Output the whole listing exactly, with no pictures.

| SOURCE MATERIAL |
+---+

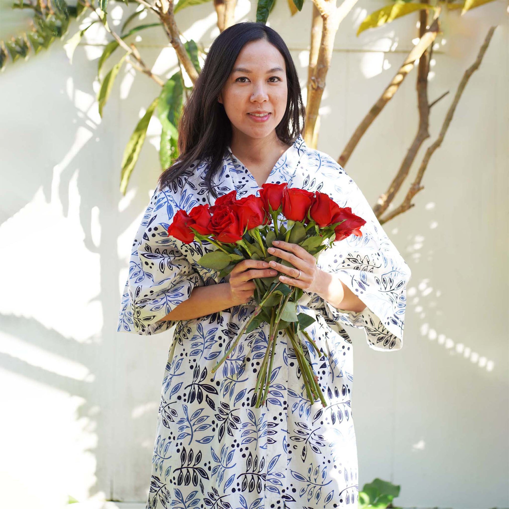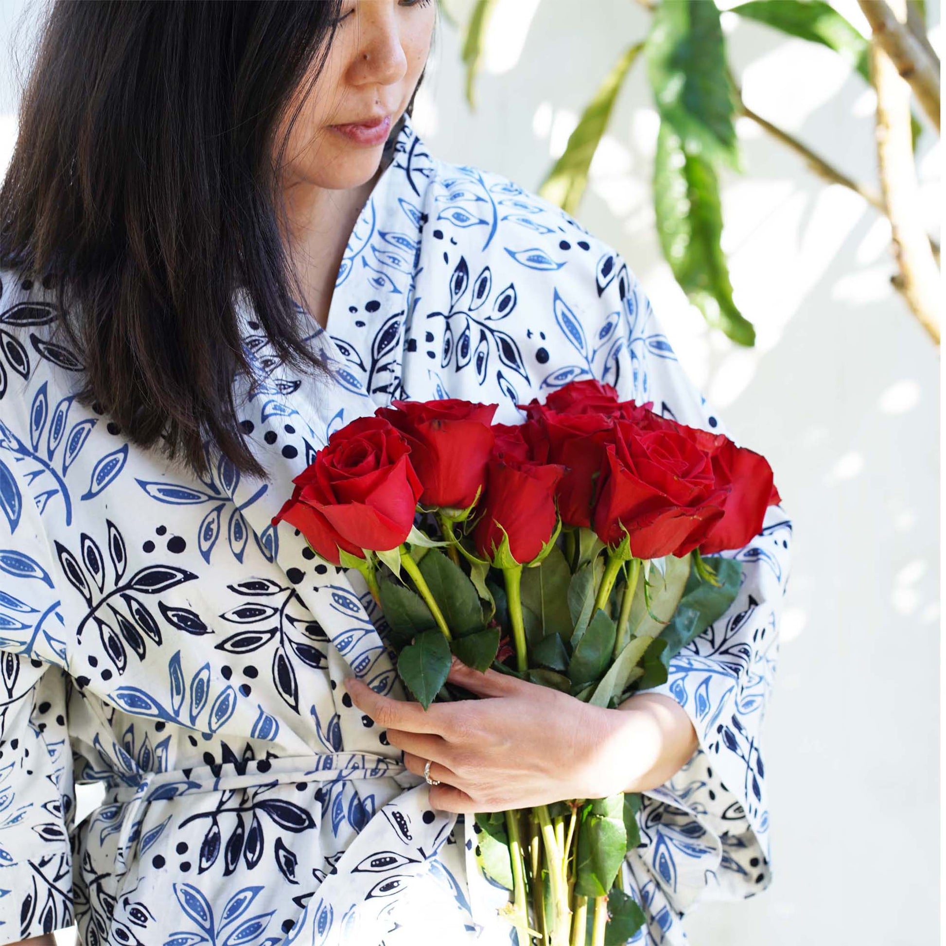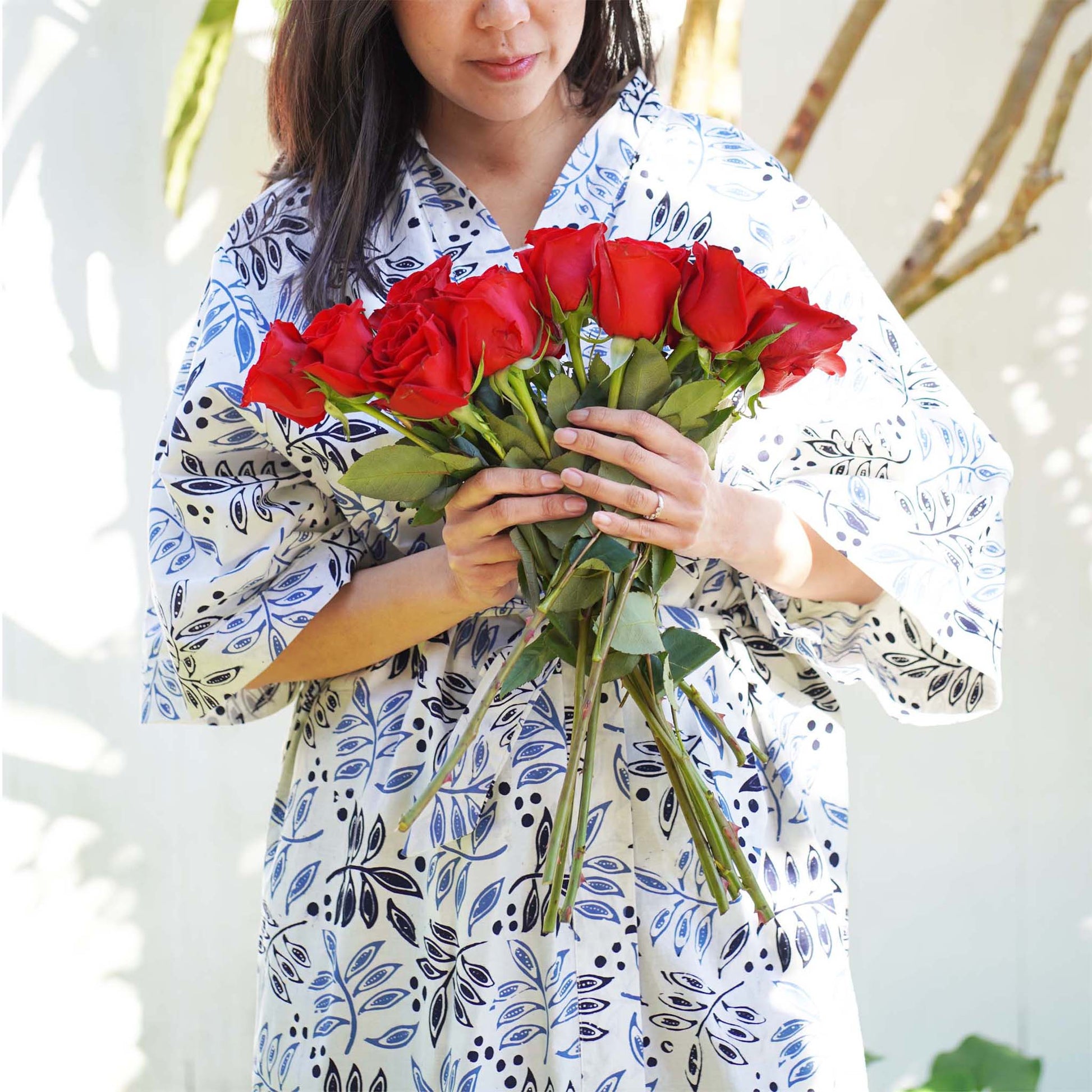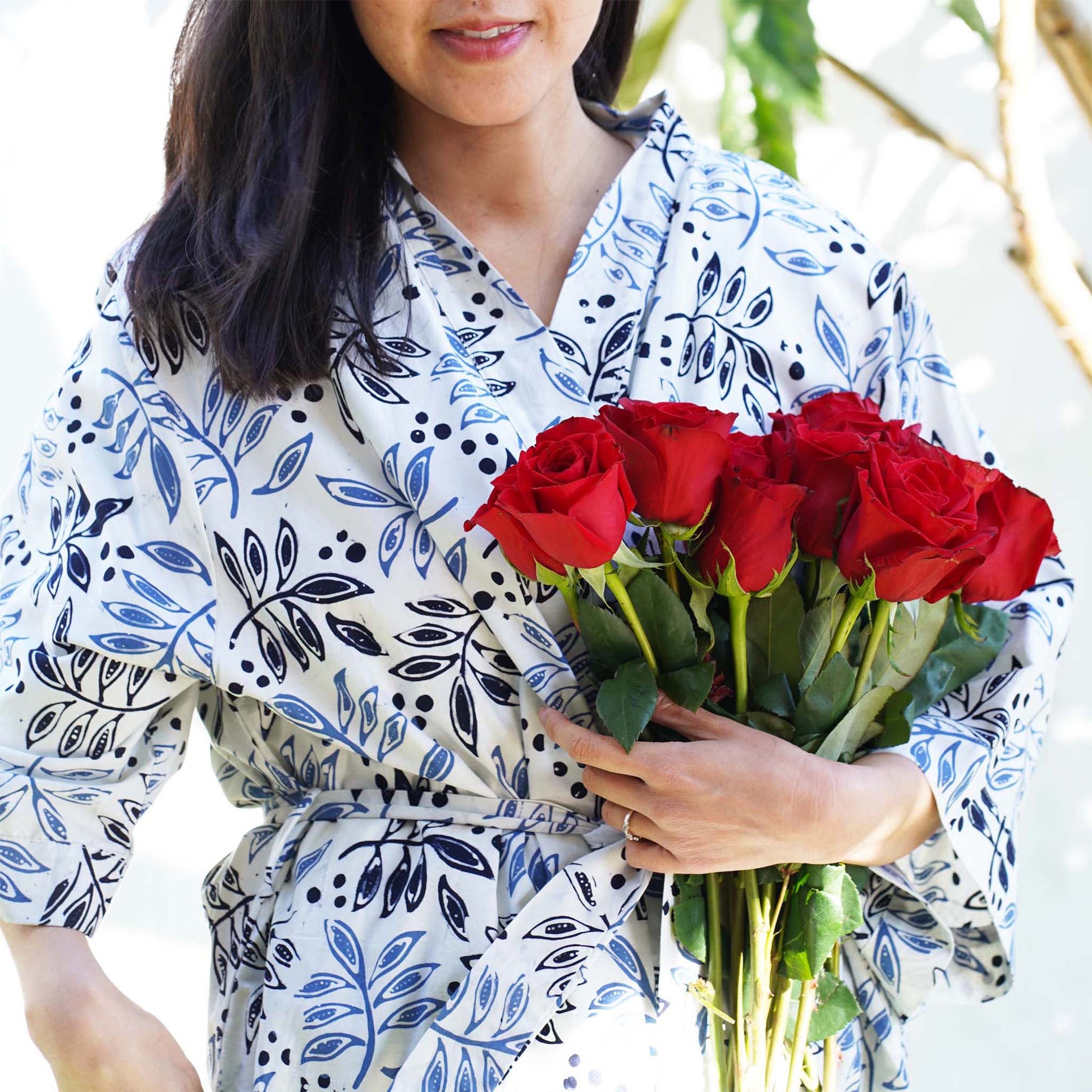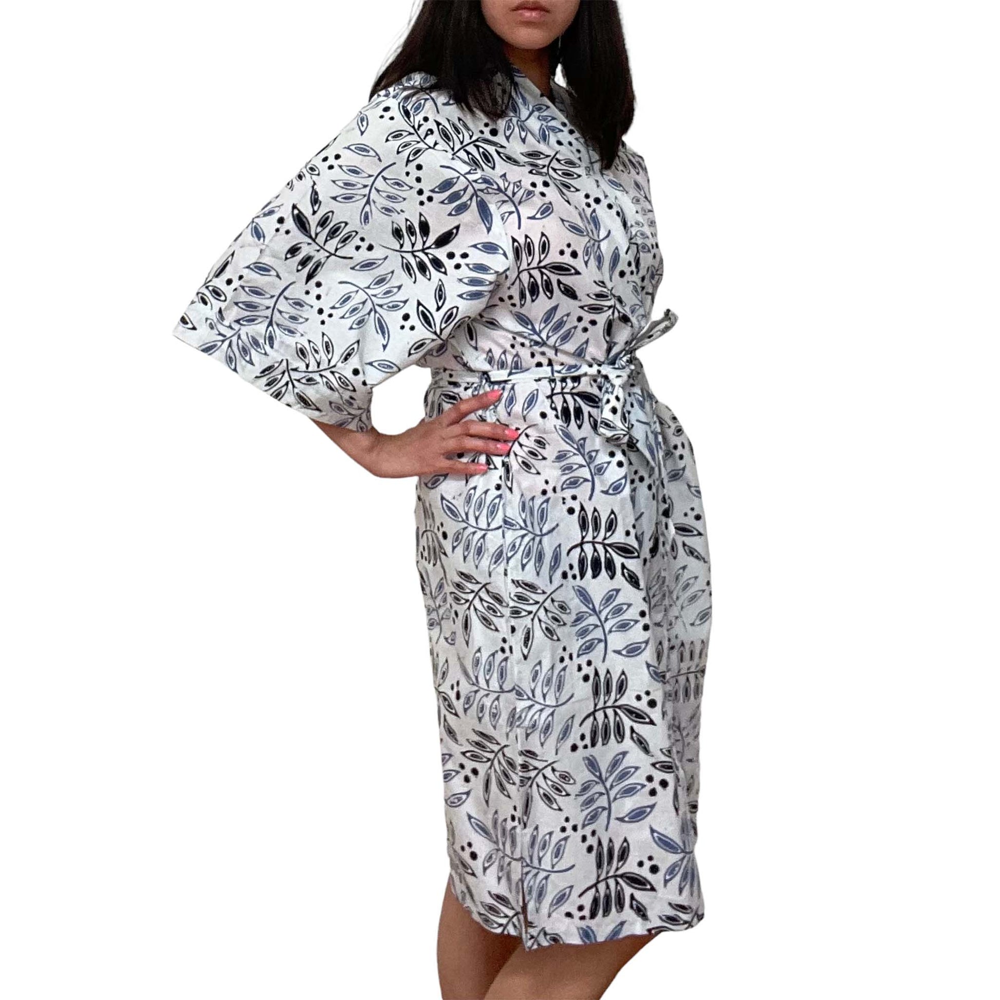 Hand Dyed Batik Robe Kimono, 100% Cotton, White Blue, Floral, Leaf Tamarind
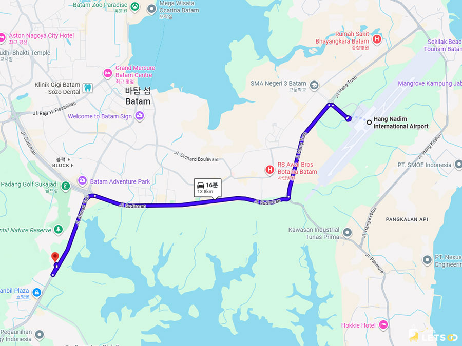 위치가 시내 중심은 아니지만, 바탐 센터 페리 터미널에서 차로 15~20분 정도면 도착해요. 항 나딤 공항이랑도 가까워서 이동하기 딱 좋더라고요.
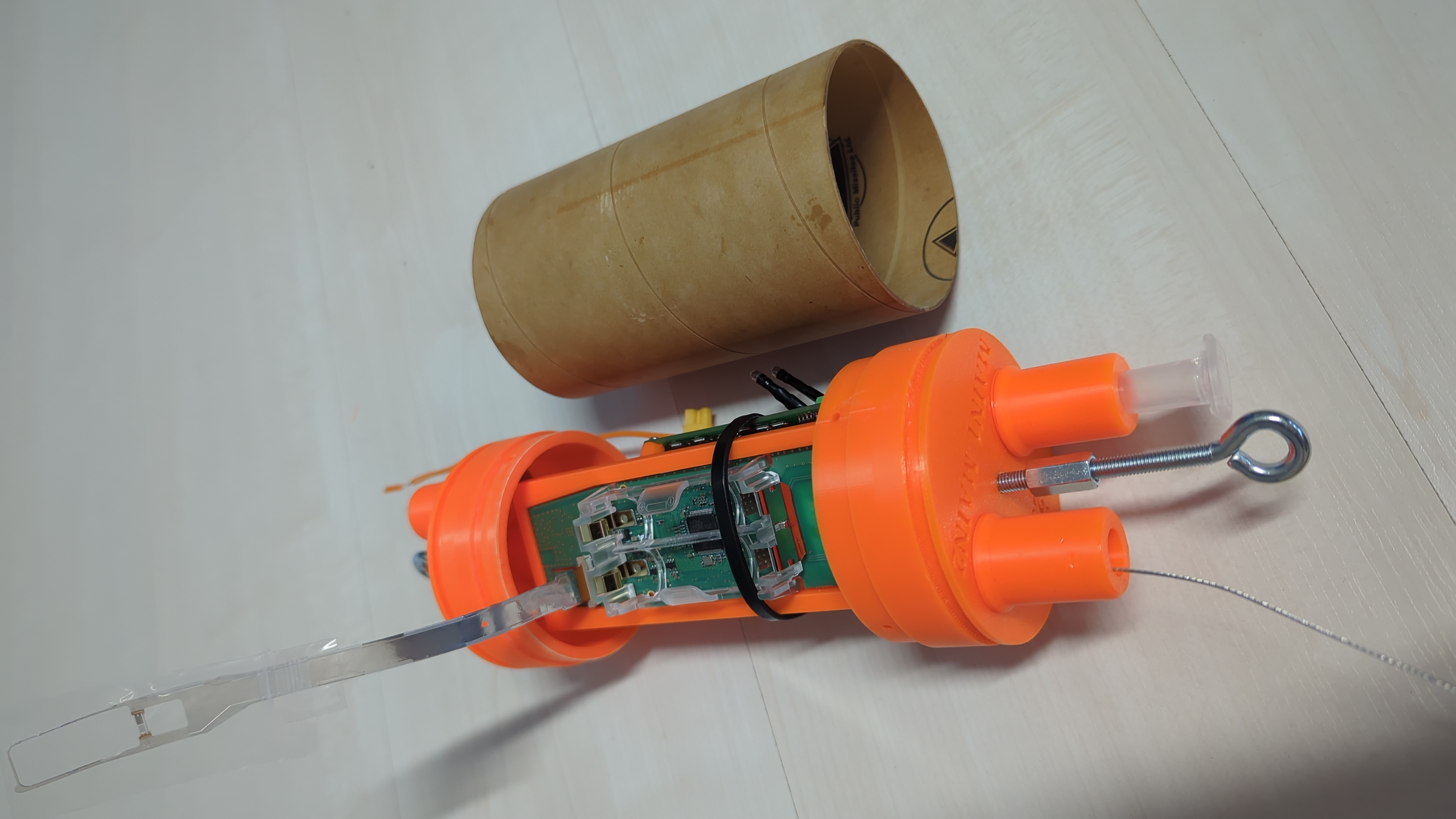 For flight tracking and recovery, I installed a Vaisala RS41 GPS tracker in the payload bay. The RS41 is actually a radiosonde, launched by our local weather service, that I recovered and reprogrammed to amateur radio frequencies. I track it using a TTGO device running the mysondygo firmware, with a companion mobile app that displays real-time position data.

+---+

| WRITTEN REPLY |
 Hand Dyed Batik Robe Kimono, 100% Cotton, White Blue, Floral, Leaf Tamarind
 위치가 시내 중심은 아니지만, 바탐 센터 페리 터미널에서 차로 15~20분 정도면 도착해요. 항 나딤 공항이랑도 가까워서 이동하기 딱 좋더라고요.
 For flight tracking and recovery, I installed a Vaisala RS41 GPS tracker in the payload bay. The RS41 is actually a radiosonde, launched by our local weather service, that I recovered and reprogrammed to amateur radio frequencies. I track it using a TTGO device running the mysondygo firmware, with a companion mobile app that displays real-time position data.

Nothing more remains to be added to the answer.